● Task item: Copy the listing in full and exactly, omitting its images.

● Data for analysis:

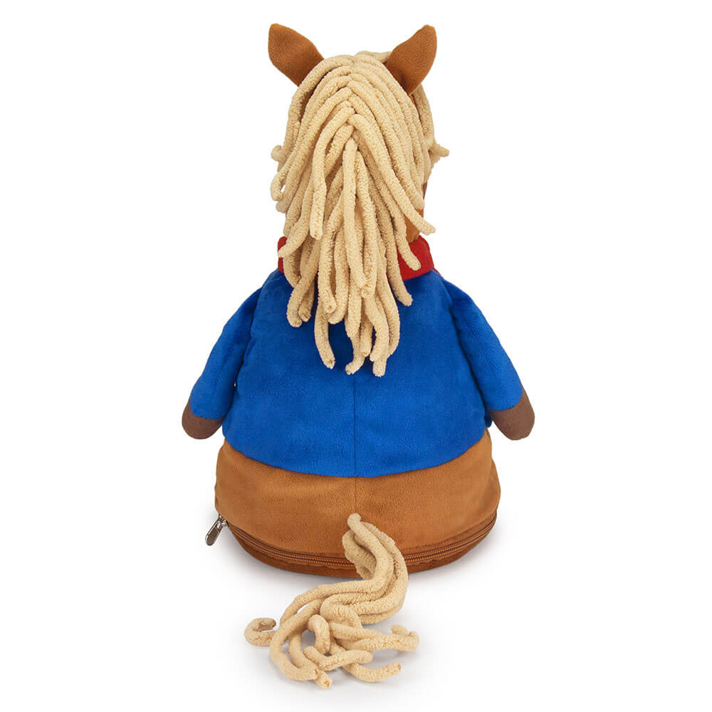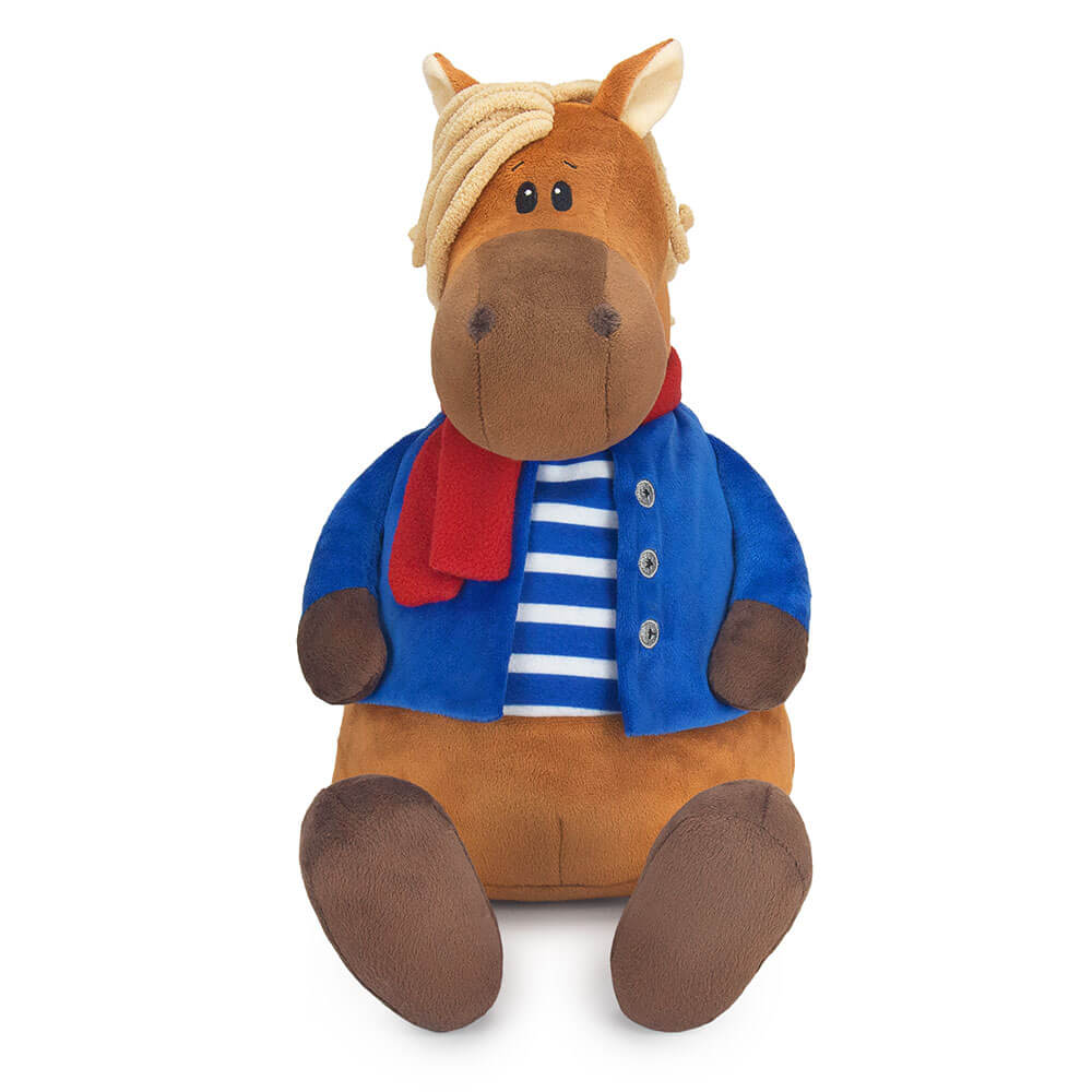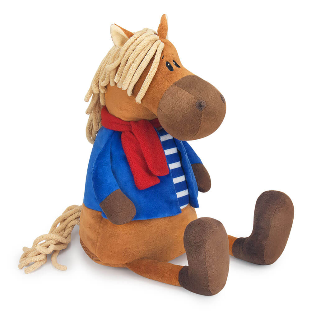 Мягкая игрушка-упаковка для конфет конь Билли сшит из мягкого софта коричневого цвета. У него полосатая футболка с синей рубашкой, также красный шарф, который элегантно перевязан. Оригинальная новогодняя текстильная упаковка для сладостей вместимостью до 1100 г.
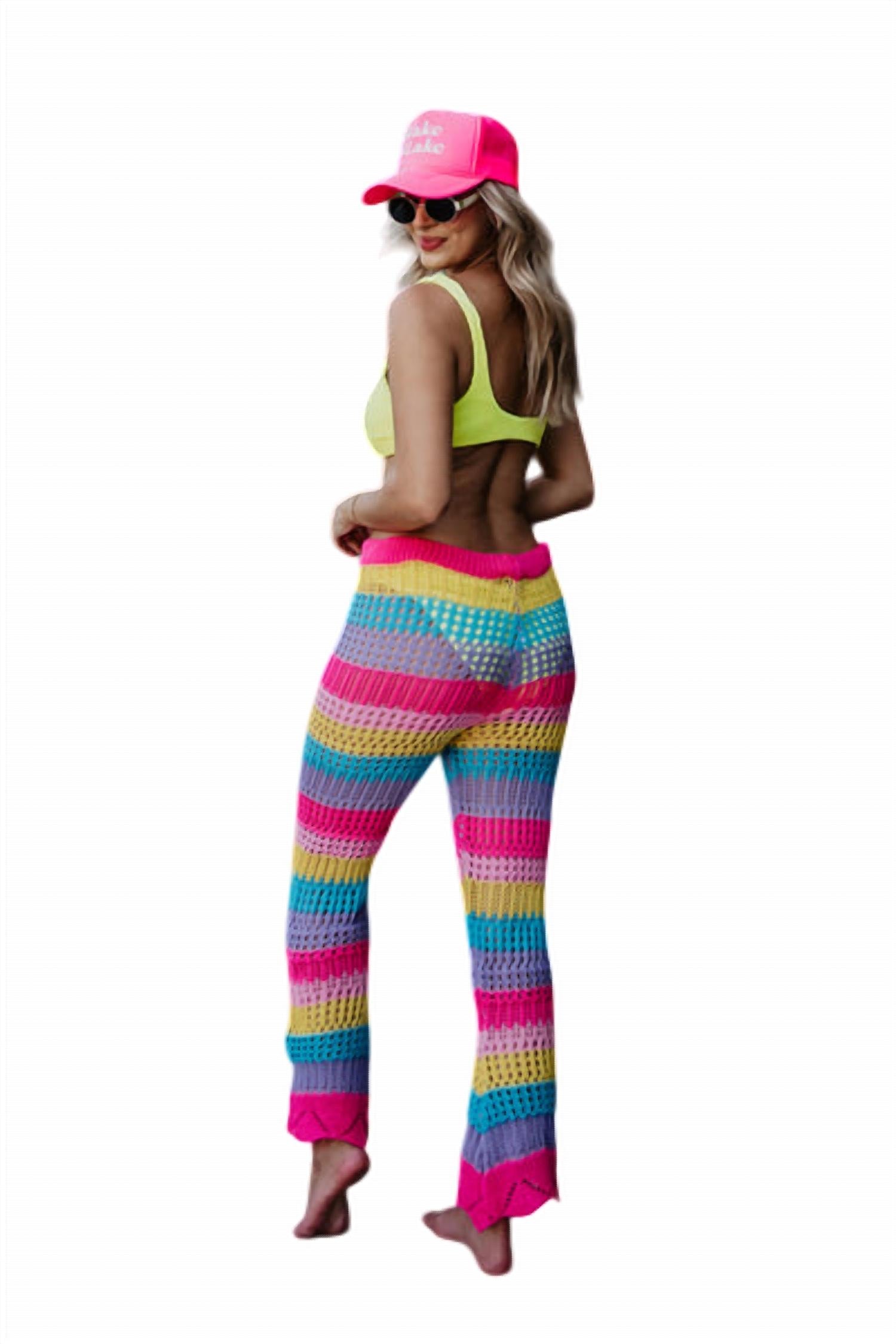 A comfy-all-day coverup that works just as good at dinner as it does by the pool. Crafted from 100% polyester, these lightweight pants feature a stylish crochet knit and a playful scalloped hem. Perfect for catching the sun's glow, they are a straight leg fit ideal for carefree summer moments. For easy maintenance, simply machine wash cold and dry flat.
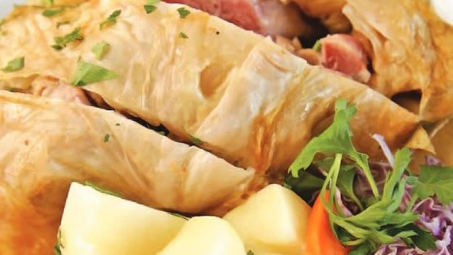 Suve svinjske „noge“ se upakuju u ove listove, „paketi“ poređaju u vatrostalni sud, a okolo ušuškaju učetvorena crca od kupusa, takođe učetvoren kilogram krompira i nekoliko suvih, što slatkih, što ljutih paprika. Sve se zaspe biberom u zrnu i alevom paprikom, zamasti i nalije s malo vode, pa prepustri rerni na najmanje dva sata na 200 stepeni.
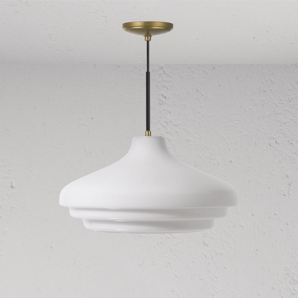 Our Brookfield pendant has an elegantly curved, three-tiered shade and a solid brass bulb holder. It’ll make a subtle statement without outshining other design features in your space.
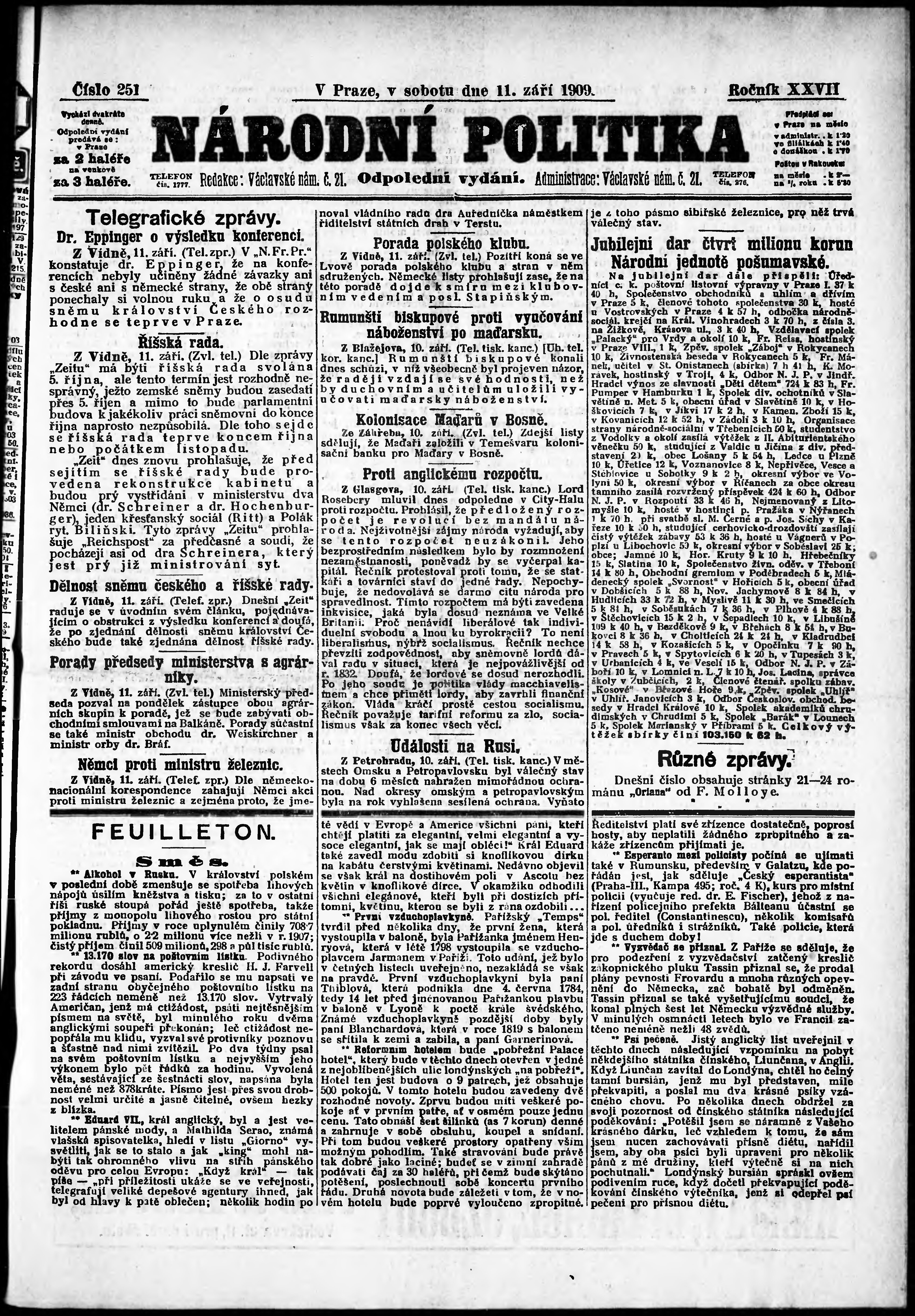 * Datum vydání výtisku: 11.9.1909 Číslo výtisku: 251 Poznámky k výtisku: odpolední vydání;

● Answer box:
 Мягкая игрушка-упаковка для конфет конь Билли сшит из мягкого софта коричневого цвета. У него полосатая футболка с синей рубашкой, также красный шарф, который элегантно перевязан. Оригинальная новогодняя текстильная упаковка для сладостей вместимостью до 1100 г.
 A comfy-all-day coverup that works just as good at dinner as it does by the pool. Crafted from 100% polyester, these lightweight pants feature a stylish crochet knit and a playful scalloped hem. Perfect for catching the sun's glow, they are a straight leg fit ideal for carefree summer moments. For easy maintenance, simply machine wash cold and dry flat.
 Suve svinjske „noge“ se upakuju u ove listove, „paketi“ poređaju u vatrostalni sud, a okolo ušuškaju učetvorena crca od kupusa, takođe učetvoren kilogram krompira i nekoliko suvih, što slatkih, što ljutih paprika. Sve se zaspe biberom u zrnu i alevom paprikom, zamasti i nalije s malo vode, pa prepustri rerni na najmanje dva sata na 200 stepeni.
 Our Brookfield pendant has an elegantly curved, three-tiered shade and a solid brass bulb holder. It’ll make a subtle statement without outshining other design features in your space.
 * Datum vydání výtisku: 11.9.1909 Číslo výtisku: 251 Poznámky k výtisku: odpolední vydání;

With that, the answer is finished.